START Supplied entries

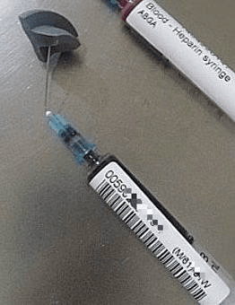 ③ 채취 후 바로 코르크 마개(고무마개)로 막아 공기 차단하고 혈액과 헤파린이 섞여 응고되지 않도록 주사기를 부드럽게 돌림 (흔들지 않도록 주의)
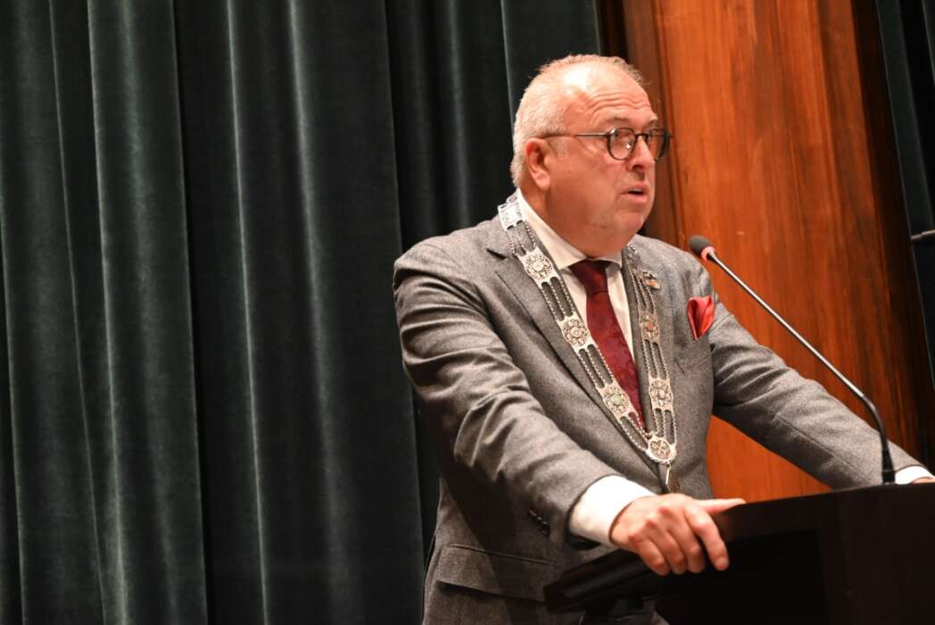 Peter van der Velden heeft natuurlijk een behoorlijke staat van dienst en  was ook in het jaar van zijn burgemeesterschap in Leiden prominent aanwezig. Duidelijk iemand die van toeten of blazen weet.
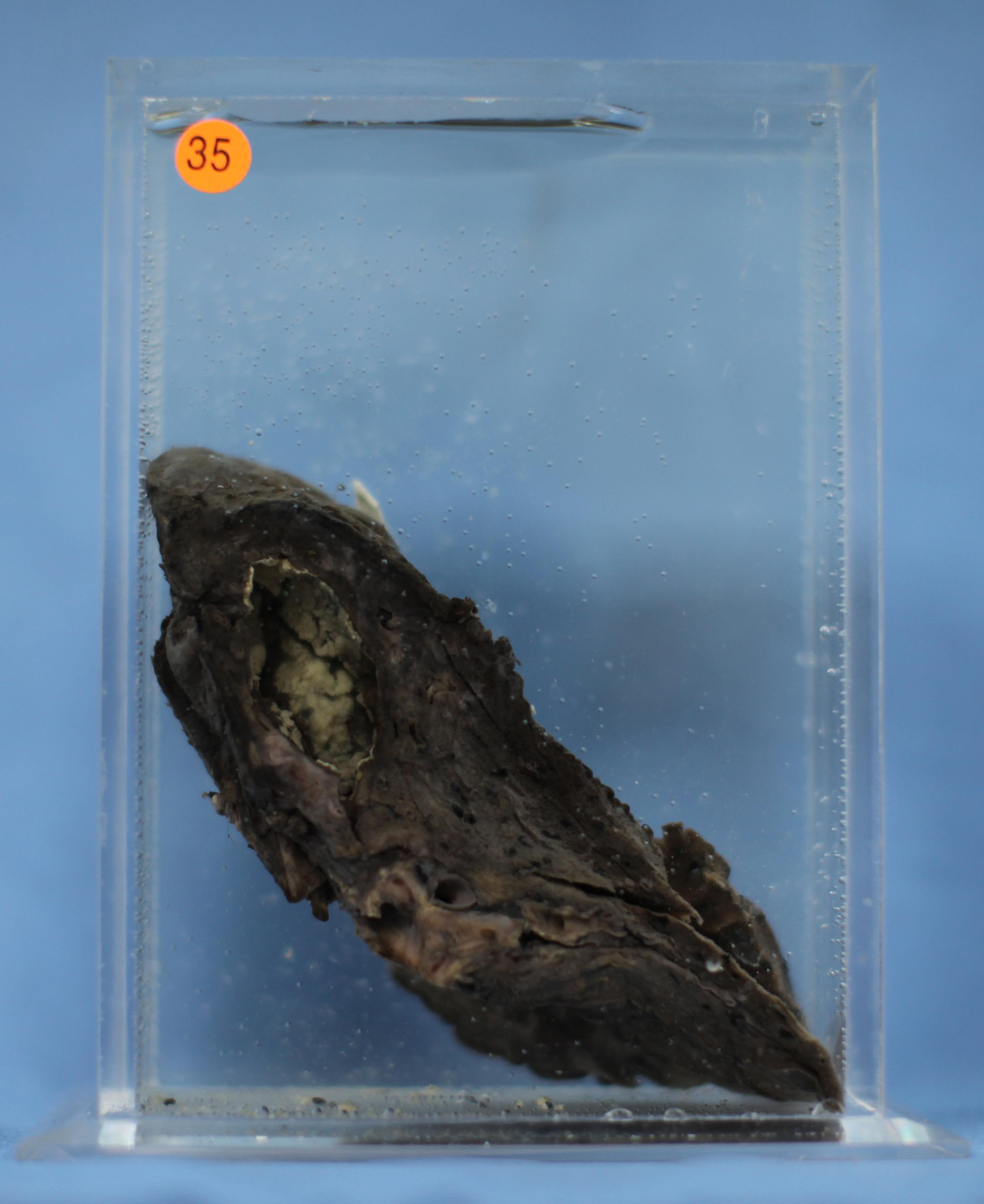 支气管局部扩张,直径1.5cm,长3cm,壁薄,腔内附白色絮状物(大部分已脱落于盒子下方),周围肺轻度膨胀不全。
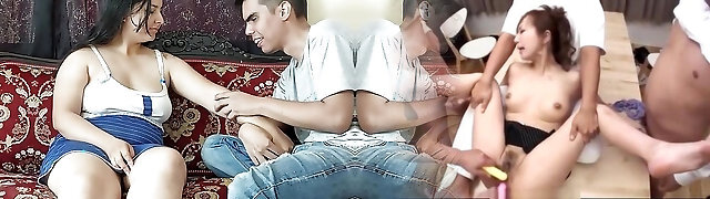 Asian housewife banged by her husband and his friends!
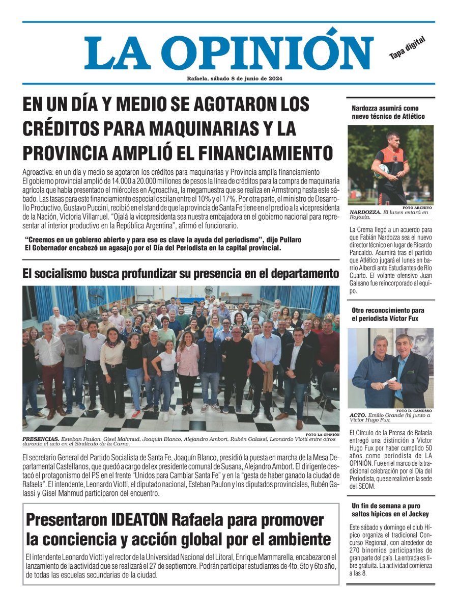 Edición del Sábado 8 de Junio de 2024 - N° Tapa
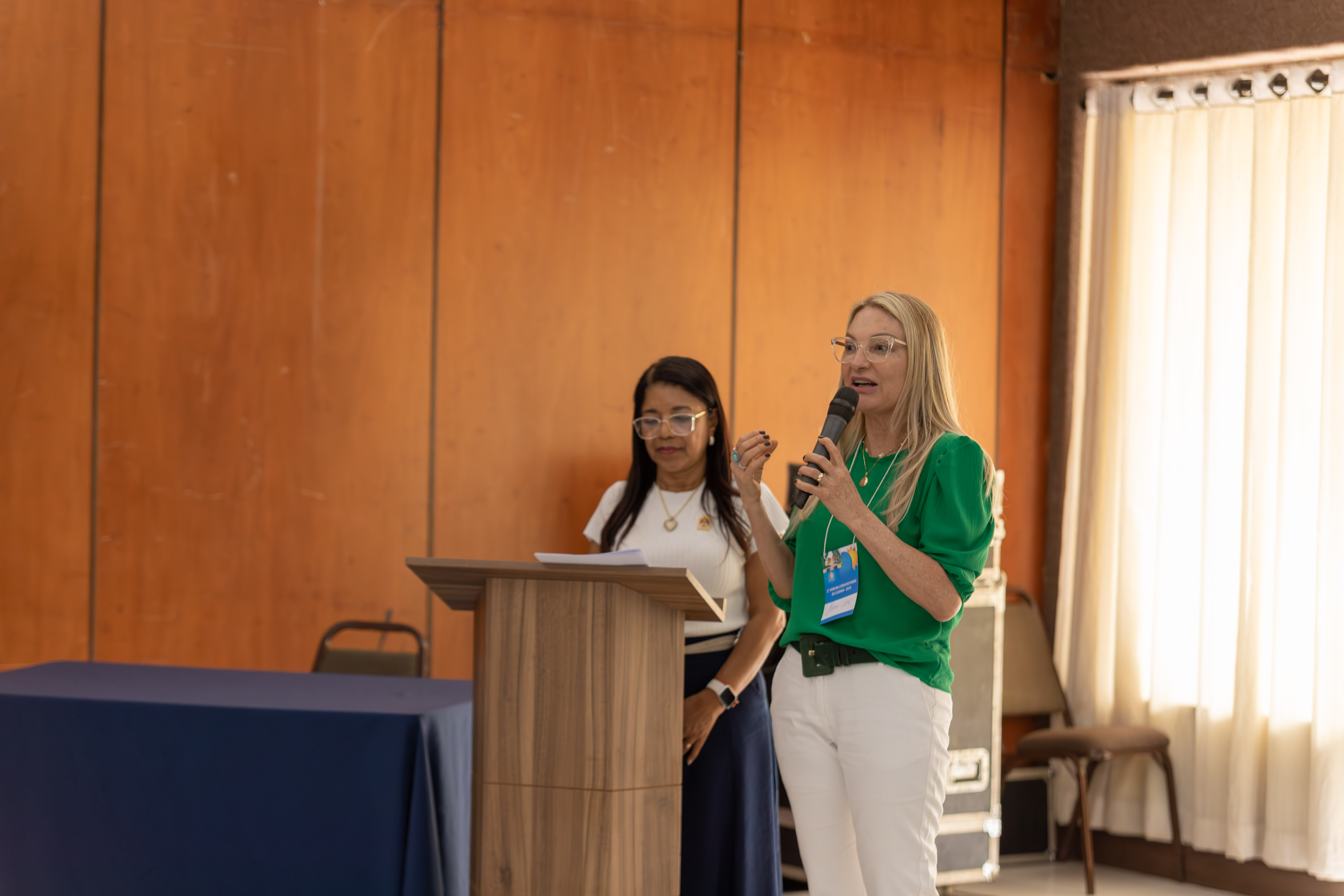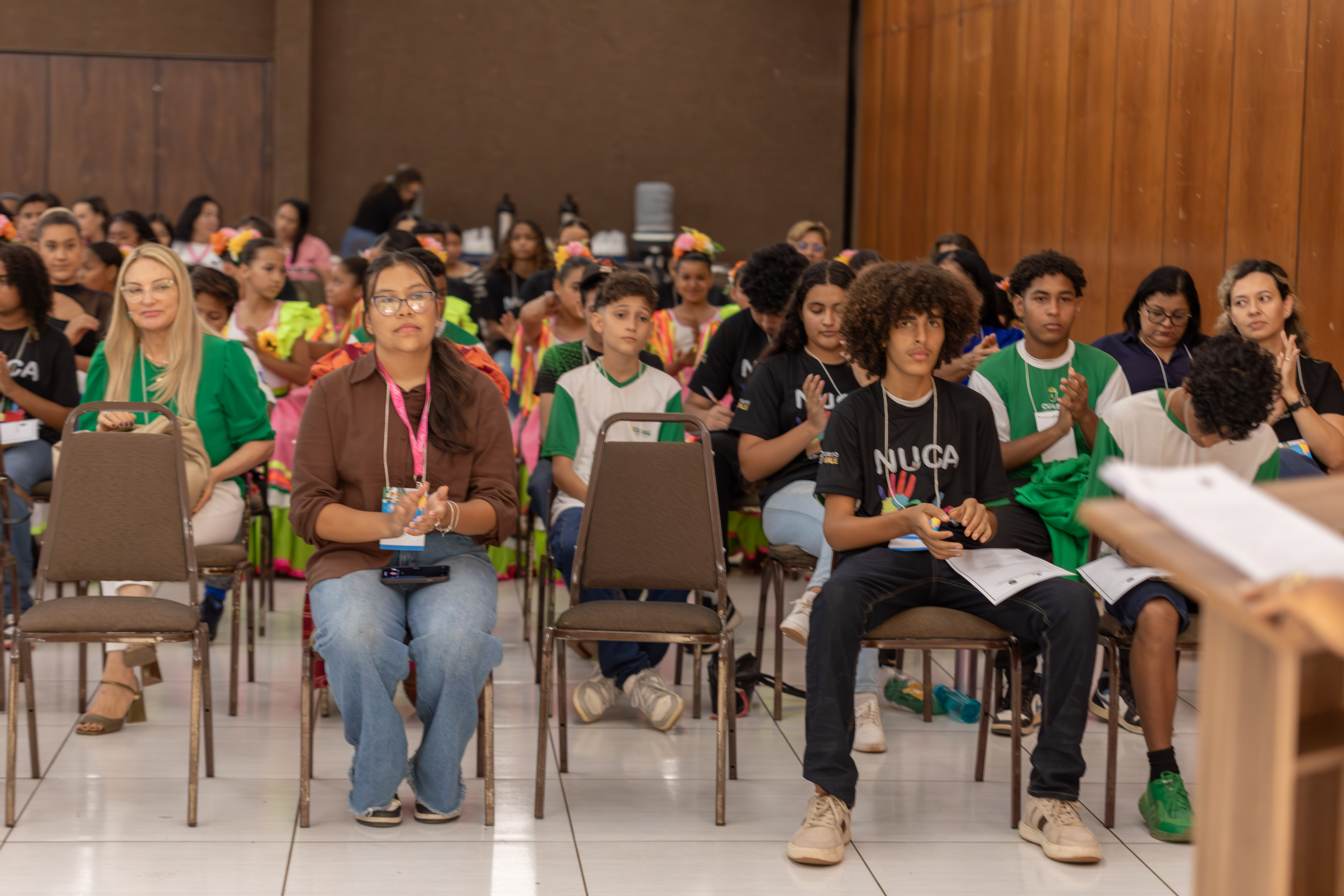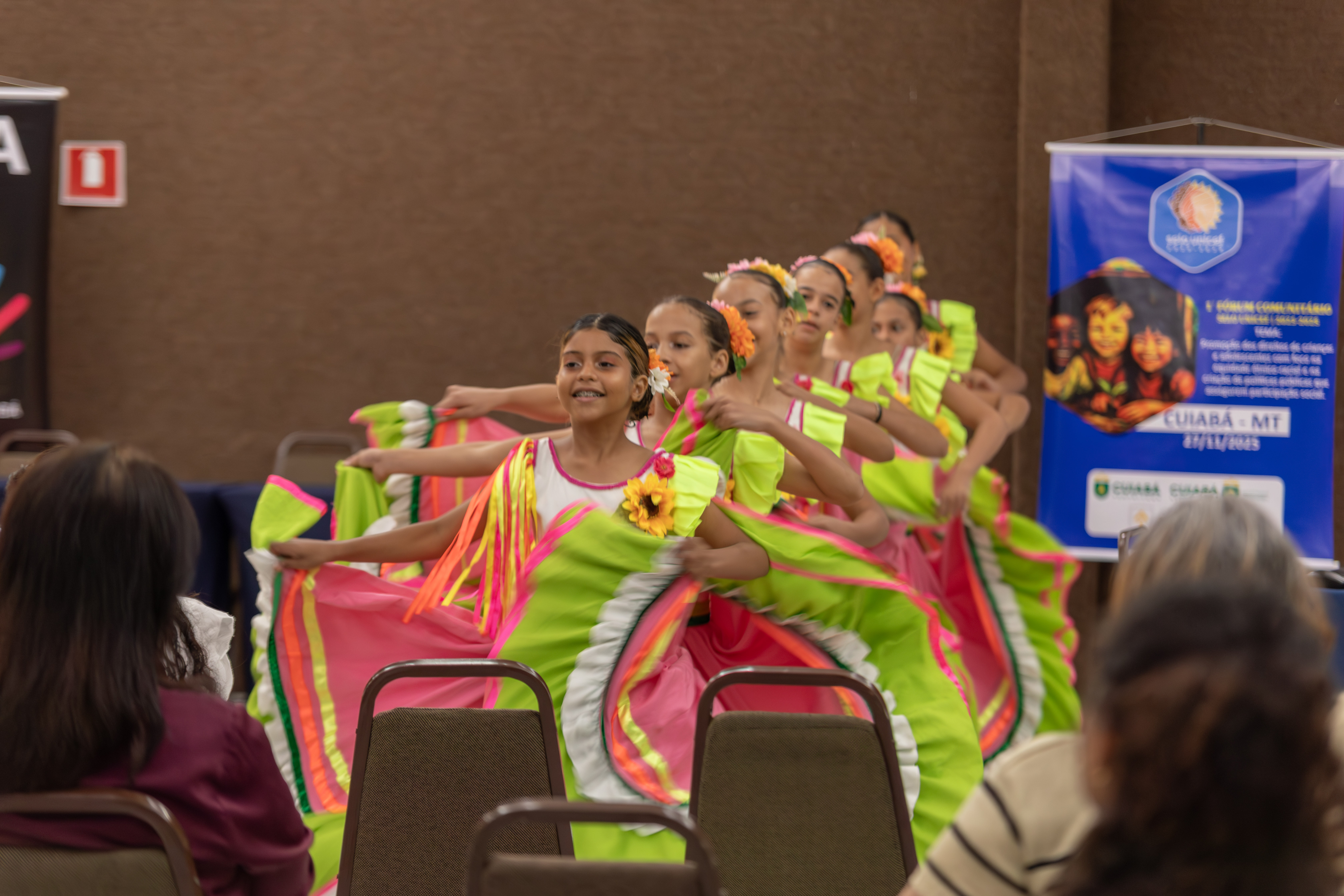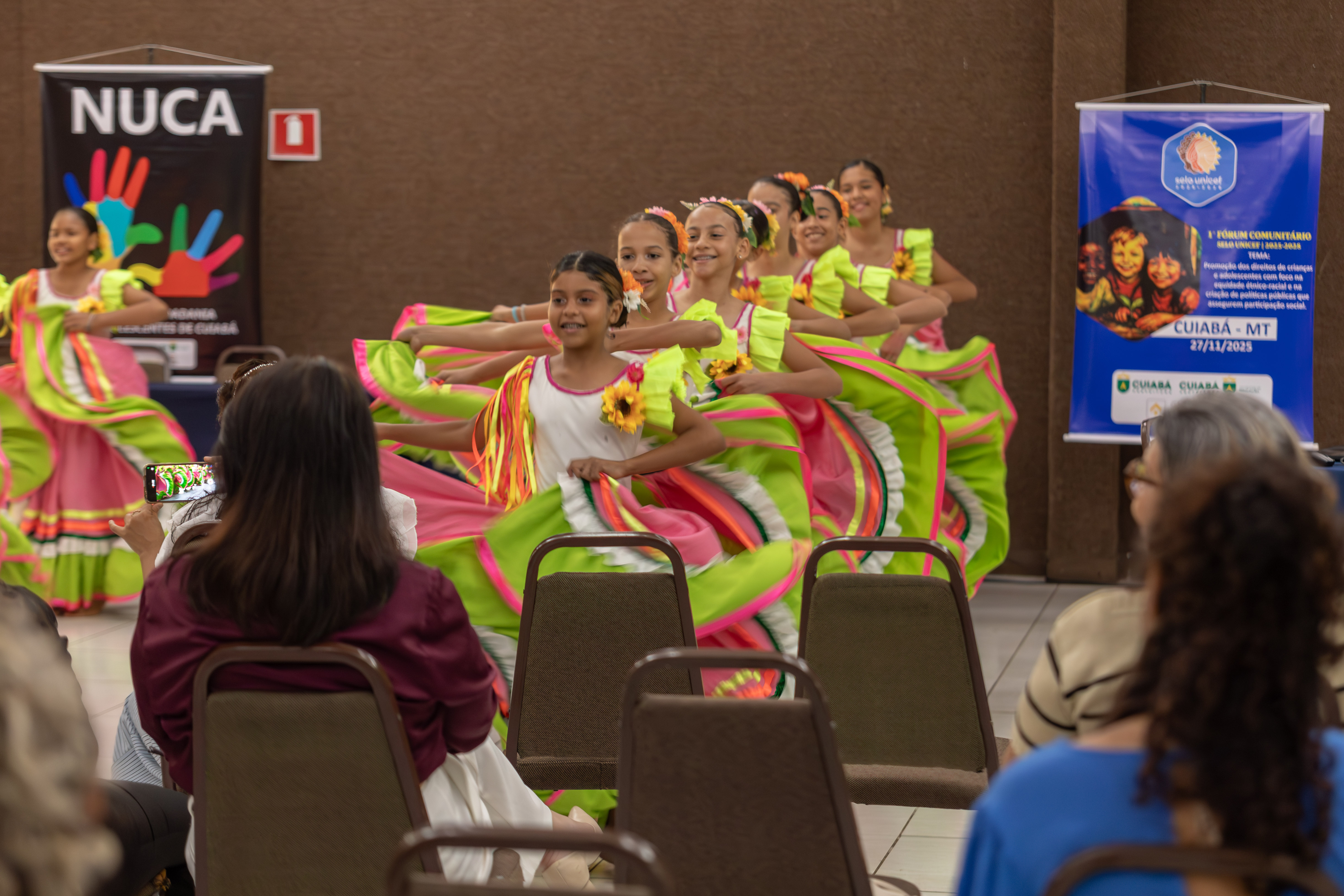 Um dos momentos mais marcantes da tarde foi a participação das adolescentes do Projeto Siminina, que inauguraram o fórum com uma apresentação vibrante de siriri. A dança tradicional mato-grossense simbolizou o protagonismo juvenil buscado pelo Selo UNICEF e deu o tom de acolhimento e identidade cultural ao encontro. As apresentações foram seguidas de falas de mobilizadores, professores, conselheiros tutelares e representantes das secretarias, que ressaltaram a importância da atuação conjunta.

END Supplied entries

→ **Exercise objective**: After dropping every picture, transcribe each entry exactly.

→ **Result of the exercise**:
 ③ 채취 후 바로 코르크 마개(고무마개)로 막아 공기 차단하고 혈액과 헤파린이 섞여 응고되지 않도록 주사기를 부드럽게 돌림 (흔들지 않도록 주의)
 Peter van der Velden heeft natuurlijk een behoorlijke staat van dienst en  was ook in het jaar van zijn burgemeesterschap in Leiden prominent aanwezig. Duidelijk iemand die van toeten of blazen weet.
 支气管局部扩张,直径1.5cm,长3cm,壁薄,腔内附白色絮状物(大部分已脱落于盒子下方),周围肺轻度膨胀不全。
 Asian housewife banged by her husband and his friends!
 Edición del Sábado 8 de Junio de 2024 - N° Tapa
 Um dos momentos mais marcantes da tarde foi a participação das adolescentes do Projeto Siminina, que inauguraram o fórum com uma apresentação vibrante de siriri. A dança tradicional mato-grossense simbolizou o protagonismo juvenil buscado pelo Selo UNICEF e deu o tom de acolhimento e identidade cultural ao encontro. As apresentações foram seguidas de falas de mobilizadores, professores, conselheiros tutelares e representantes das secretarias, que ressaltaram a importância da atuação conjunta.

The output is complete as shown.